Right now, American baseball is getting down to the finals. In a game that was played last night, there were two Japanese players...one on each team. They both sucked big hairy balls! Iwamura's suckiness actually helped insure his team's loss.
An entire baseball game was played between two American baseball teams, Rays and Phillies, but with the two Japanese players pictures plastered all over the front of each team's logo and with the type of reporting on the news, you would have thought these two sucky athletes were not only the franchise players of their teams but they were the only players on the teams. But, that wasn't even the worst part, the news actually kept showing over and over again Iwamura missing a crucial defensive play that helped cost the game.
Then, instead of going on to showing ANY type of highlights, it cut to two separate interviews of Iwamura stating how he is going to try harder tomorrow.

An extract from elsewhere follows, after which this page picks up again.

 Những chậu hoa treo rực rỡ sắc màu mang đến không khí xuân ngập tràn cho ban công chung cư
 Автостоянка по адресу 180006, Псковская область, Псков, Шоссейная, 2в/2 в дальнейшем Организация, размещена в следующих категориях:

I'm going to put this in laymen's terms so even the most stupidest of people can understand...IWAMURA, YOU SUCK!!! GET OFF THE TELEVISION SCREEN!!!
GROW UP, JAPAN!!
Prove to me you are more mature than the woo-wow-Japan-is-so-great-because-a-minute-fraction-of-the-country's-athletes-are-good-enough-to-play-sports-outside-the-country!!! Prove to me that competition and performance is more important than nationalistic pride!!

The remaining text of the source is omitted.